═════ Entries supplied
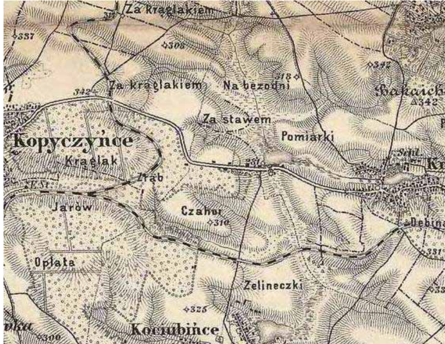
Рис. 2. Топографічні назви на угорській карті 1869–1887 рр.

«ZuKrogules» (переклад – «До Крогулець»)[19] 1 . Вважаємо, що на хуторі проживали вихідці з вказаного села, які працювали у млині. Спорудження водяного млина було пов'язане з господарськими потребами панського фільварку в с. Крогулець.
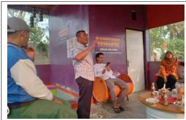
Gambar 2 Dokumentasi kegiatan

Ketua team menyampaikan bahwa tujuan dari pembuatan digital marketing sebagai tindak lanjut dari pelatihan strategi pemasaran yang telah dilakukan tahun 2022 dan kali ini khusus membuat aplikasi penjualan digital marketing untuk produk furniture Drum Bujana agar produk furniture yang dihasilkan dapat dipasarkan dalam jangkaun yang lebih luas lagi. Aplikasi akan dibuat oleh team dosen dan mahasiswa Universitas Insan Pembangunan Indonesia kurang lebih selama 5 bulan yaitu dari bulan Agustus 2023 sampai dengan Desember 2023.
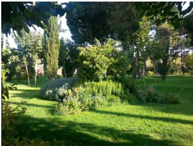
تصویر ۴: گل‌کاری، چمن‌کاری و کاشت درختچه‌های گسترده در باغ چهلستون اصفهان. عکس: سید محمدرضا خلیل‌نژاد، ۱۳۹۶.
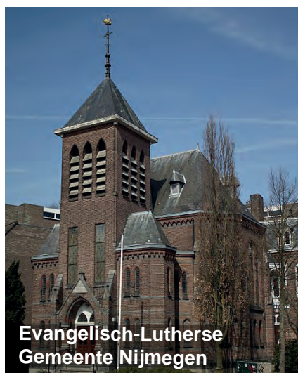
Evangelisch-Lutherse Gemeente Nijmegen
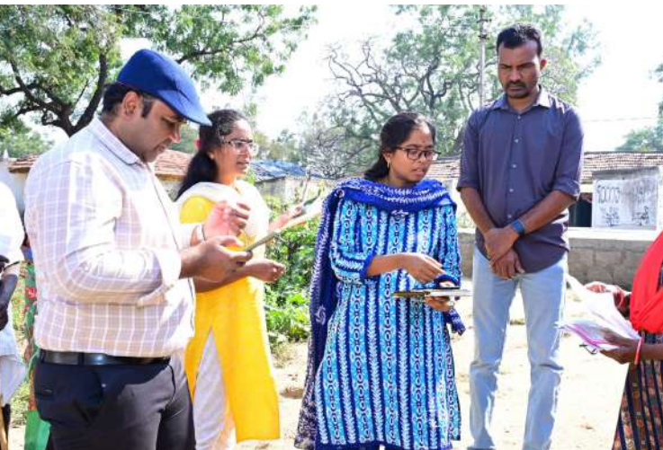
-ప్రభుత్వం నిర్దేశించిన మార్గదర్శకాలతో సర్వే జరగాలి
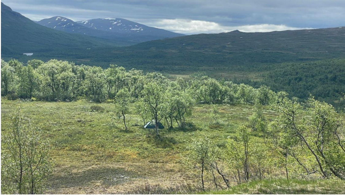
Lägerplats ca 1 km väster om Storulvån.
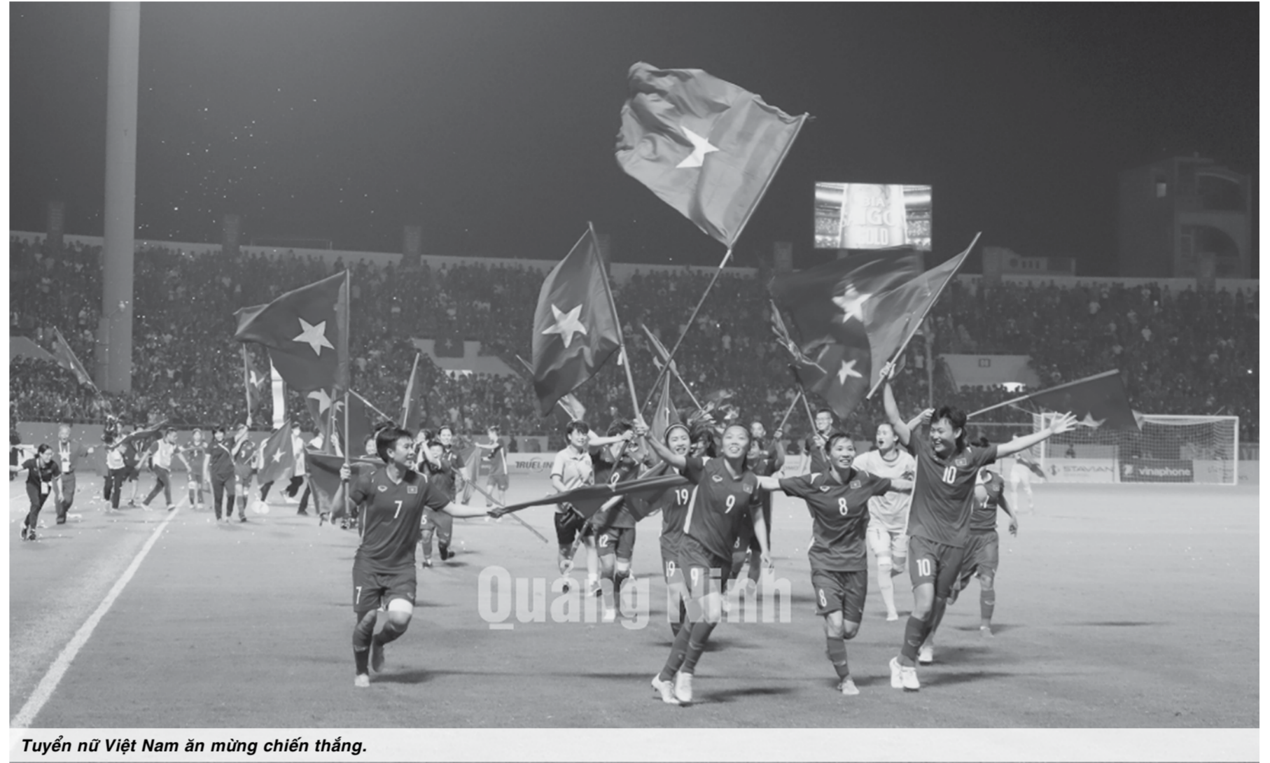
Tuyển nữ Việt Nam ăn mừng chiến thắng.

ưu tú, có trình độ, khả năng giao tiếp bằng tiếng Anh, tiếng Trung và một số ngôn ngữ được sử dụng phổ biến trong khu vực Đông Nam Á.
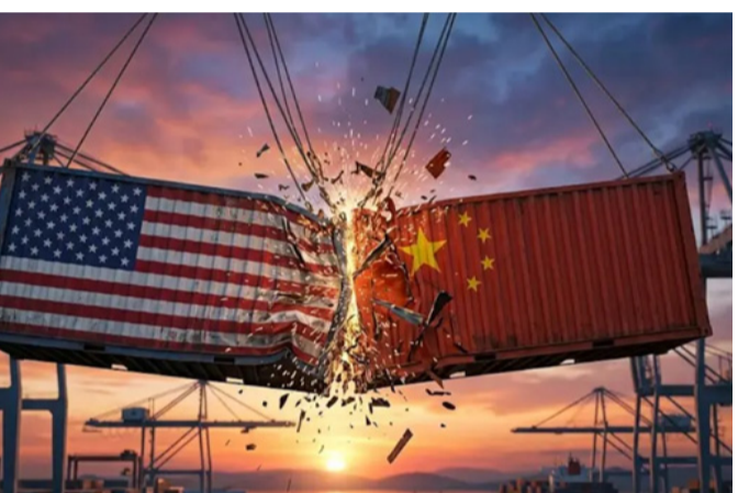
విధిస్తామని ట్రంప్ అన్నారు. ఇరాన్తో చైనా చమురు వాణిజ్యాన్ని నిలిపివేసి, దానికి బదులుగా వెనిజులా

వాషింగ్టన్ : అమెరికా అధ్యక్షుడు డోనాల్డ్ ట్రంప్ మరోసారి చైనాపై బెదిరింపులకు దిగారు. ఇరాన్ నుంచి చమురు కొనుగోలు కొనసాగిస్తే చైనాపై 50% వరకు అదనపు సుంకాలు విధిస్తామని ఆయన ప్రకటించారు. ఈ చర్య ద్వారా ఇరాన్ ఆర్థిక వనరులను అడ్డుకోవడం, చైనా వాణిజ్య ఆధిపత్యాన్ని నిరోధించడం అమెరికా లక్ష్యంగా పెట్టుకుంది. అంతర్జాతీయ ఆంక్షలు ఉన్నప్పటికీ చైనా ఇరాన్ నుంచి చమురును ప్రధానంగా కొనుగోలు చేస్తోంది. ఇది ఇరాన్ ఆర్థిక స్థిరత్వాన్ని కాపాడటానికి సహాయపడుతున్నందున ఈ హెచ్చరిక జారీ చేయబడింది. చైనా నుంచి వచ్చే ఉత్పత్తులపై అదనపు పన్నులు విధిస్తామని ట్రంప్ గతంలోనే హెచ్చరించారు. ఇరాన్తో సంబంధాలు కొనసాగితే, ఈ చర్యలను మరింత కఠినతరం చేస్తామని, 50% పన్ను
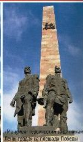
Монумент героическим защитникам Ленинграда на площади Победы
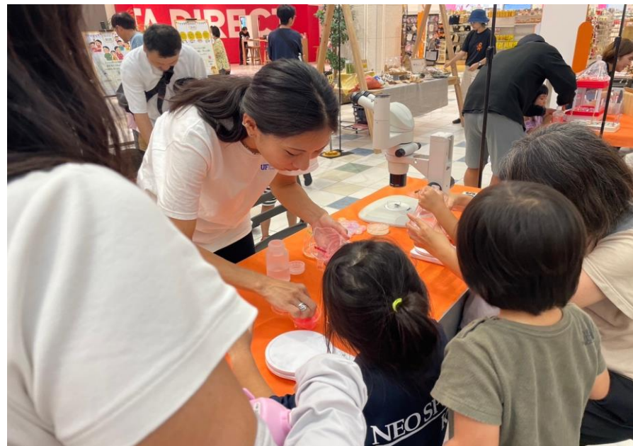
体験ブース（atelier me（キッズネイル体験））
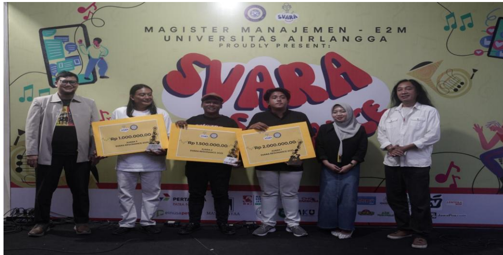
Gambar 1. Penyerahan penghargaan kepada musisi jalanan yang berbakat
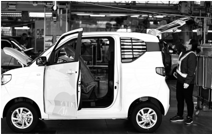
3月8日,在广西柳州一家汽车企业,工人在新能源汽车生产线上忙碌。 新华社发

由于主板和中小板两个市场的估值水平存在差异,市场普遍关注两板合并是否会带来估值变化。 对此,光大证券董事总经理、首席宏观经济学家高瑞东表示,两板之间的平均市盈率有所不同,主要是行业因素导致的,深市主板上市企业以食品饮料、房地产、家用电器等传统行业为主,中小板上市企业以电子、医药生物、计算机等新兴行业为主,当前我国金融市场日趋成熟,市场越来越理性,两板合并后对个股估值的影响相对有限。
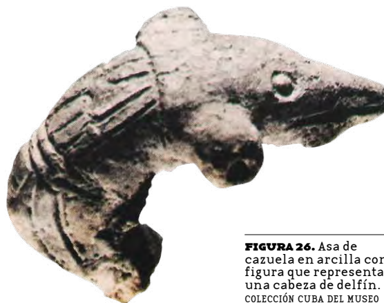
FIGURA 26. Asa de cazuela en arcilla con figura que representa una cabeza de delfín. COLECCIÓN CUBA DEL MUSEO DEL INDIO AMERICANO, NEW YORK. COLABORACIÓN DE DANIEL TORRES.

Entre los mamíferos marinos, los delfines también fueron representados en la cerámica como asas de cazuelas (FIGS. 24, 25 Y 26) y sus dientes fueron utilizados para cuentas de collares (FIG. 27).
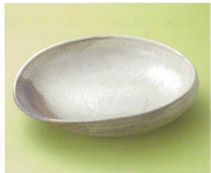
00411-669 灰釉粉引13.0変型鉢(信楽焼) 15,000円 5人(40×37.5×10cm) 00412-669 灰釉粉引11.0変型大鉢(信楽焼) 10,500円 8人(33×31×8.5cm)
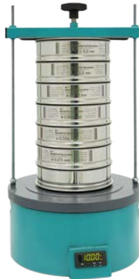
Рис. 2 Анализатор ситовой А 20
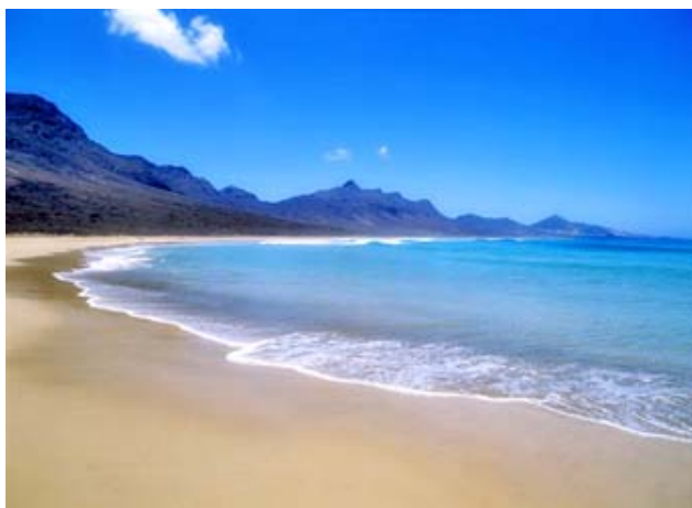
Playa de Cofete (Fuerteventura)

Sus aguas se mantienen todo el año entre los 18 y los 23 grados, existiendo las mejores condiciones para la práctica de la vela, con deportes como el windsurf o el kite surf, así como navegar en compañía de ballenas y delfines en libertad.
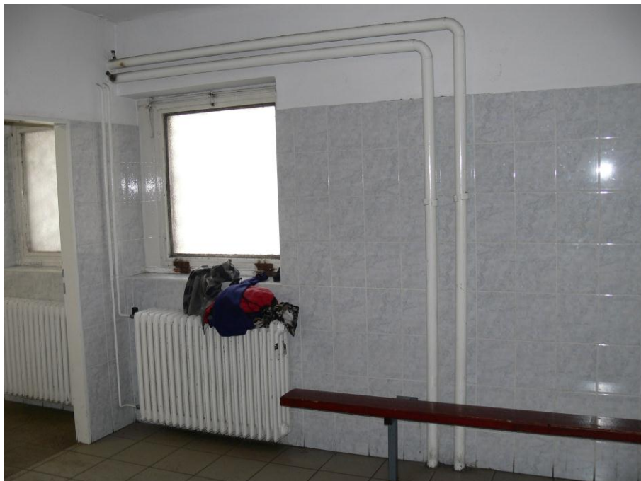
5. kép: öltöző
══════════
(Requirement) Write out nothing but the lines from the start of the data through the line with "Gambar 2 Dokumentasi kegiatan". Leave out the pictures.

(Written reply)
Рис. 2. Топографічні назви на угорській карті 1869–1887 рр.

«ZuKrogules» (переклад – «До Крогулець»)[19] 1 . Вважаємо, що на хуторі проживали вихідці з вказаного села, які працювали у млині. Спорудження водяного млина було пов'язане з господарськими потребами панського фільварку в с. Крогулець.
Gambar 2 Dokumentasi kegiatan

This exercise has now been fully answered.